50 articles plus tard : itinéraire d'un blog technocritique
- 8 juil.
- 7 min de lecture
Dernière mise à jour : il y a 2 jours

Cinq ans. Cinquante articles. Plusieurs centaines d'heures de lecture, d'écriture et de réflexion ont été consacrées à observer et analyser les transformations numériques qui façonnent nos existences. Lorsque j'ai créé nosviesnumeriques.net en 2021, je souhaitais proposer un espace où approfondir des sujets souvent traités de manière superficielle par l'actualité ou le discours dominant sur l'innovation.
Au fil des ans, ce blog est devenu un terrain d'exploration critique, à la croisée de l'économie, de la technologie et des usages du quotidien. J'y ai interrogé les promesses de la Silicon Valley, les dommages collatéraux des plateformes comme Uber ou Airbnb, les mécanismes d'addiction des réseaux sociaux, ainsi que les enjeux démocratiques du numérique.
Ce cinquantième article est l'occasion de regarder dans le rétroviseur. Je souhaite revenir sur les origines du projet, les idées qui l'animent, les méthodes qui le structurent et ce qu'il m'a apporté au fil du temps. Je souhaite également esquisser quelques pistes sur les défis à venir, à commencer par l'irruption de l'intelligence artificielle générative. Parce qu'elle touche directement à l'écriture, ce nouvel avatar de la révolution numérique questionne les fondements même de ce blog et soulève de nombreuses questions. Ces interrogations risquent fort d'occuper une place croissante dans les prochaines publications de nosviesnumeriques.net. (à suivre…)
Note : chaque hyperlien de cet article renvoie à un article de *nosviesnumeriques.net
Le point de départ
En 2020-21, je suis une formation continue certifiante en communication digitale (DAS). C'est dans ce cadre que je lance mon blog, d'abord comme un exercice imposé. Très vite, je me prends au jeu et décide d'en prolonger l'existence au-delà des attendus de ma formation. Durant ces quelques mois de gestation, j'ai réalisé combien ce blog se trouvait à l'exacte intersection de mon goût pour l'écriture, de ma formation de base en sciences économiques et de mon intérêt pour la dimension transformationnelle du numérique. En mobilisant ces trois dimensions, ce blog m'offrait ainsi la possibilité de questionner à l'envie le storytelling triomphant de la révolution numérique.

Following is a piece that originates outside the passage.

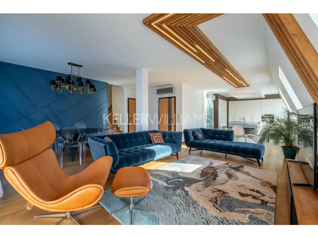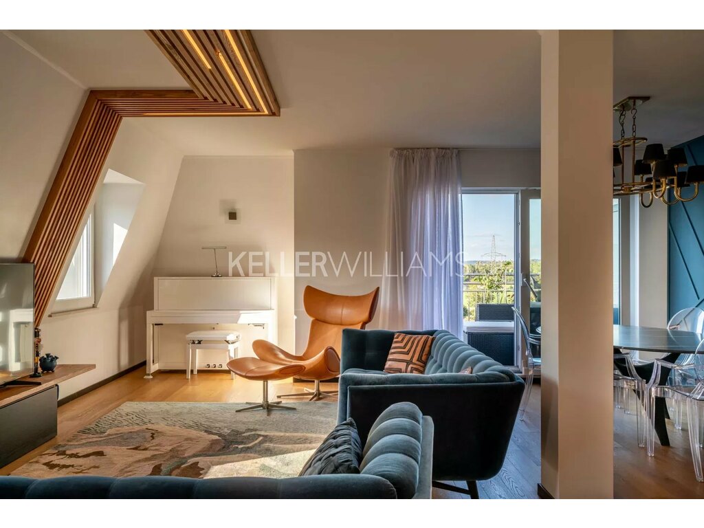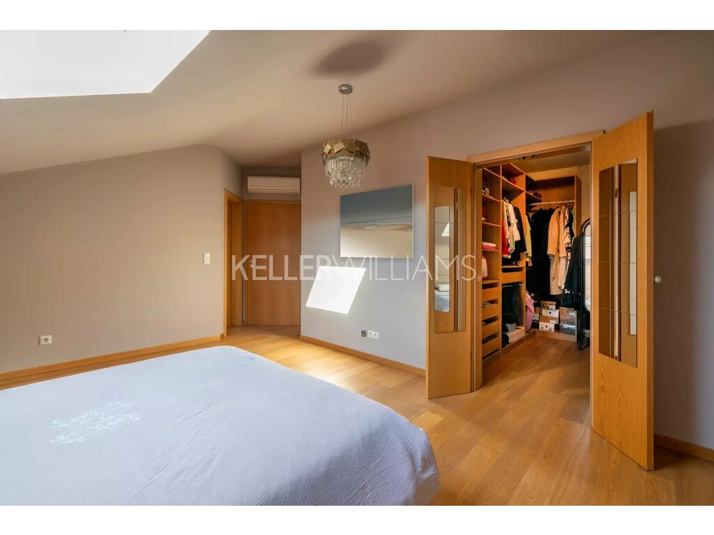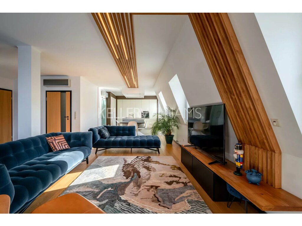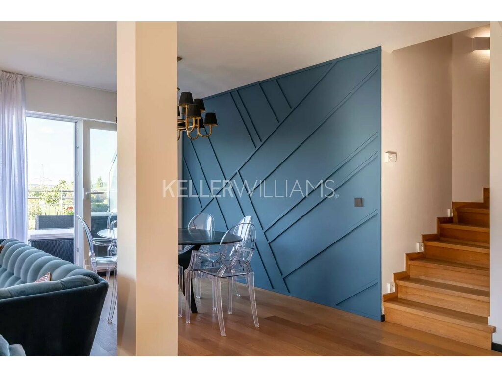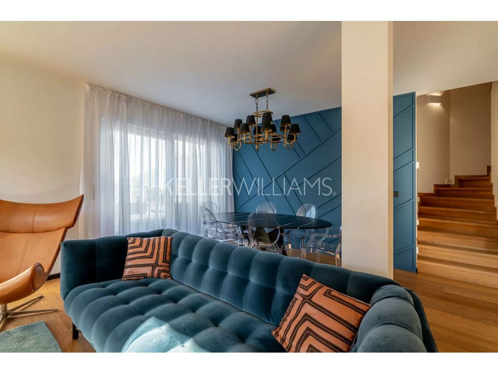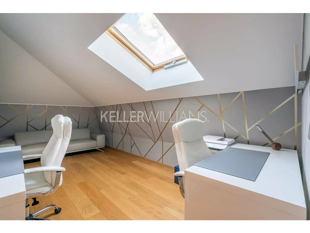 Le ton est donné, ce duplex perché aux derniers étages d’un immeuble récent, offre les avantages d’une maison : espace, luminosité, vues imprenables sur la nature, calme, finitions et équipements haut de gamme (porte d’entrée blindée), vidéophone, parquet et portes en chêne naturel, climatisation réversible dans tout l’appartement, triple vitrage, volets roulants électriques partout, velux à fermeture automatique et détecteur de pluie, etc.).

Ma ligne éditoriale s'est donc structurée autour de mon désir d'approfondir les thématiques juste effleurées durant ma formation. La plupart des formateurs adoptaient en effet une approche trop utilitariste du numérique à mon goût. J'étais demandeur d'éléments de contextualisation sur les conditions de l'émergence et les ressorts profonds du succès des géants du numérique et des applications mobiles les plus populaires (Uber, Airbnb, Instagram, Tinder, etc.). Bref, je me donnais comme mission de mettre en lumière l'envers du décor et de décrire l'impact de ces avancées technologiques sur notre quotidien le plus trivial, mais aussi les bouleversements politiques et socio-économiques qu'elles provoquent.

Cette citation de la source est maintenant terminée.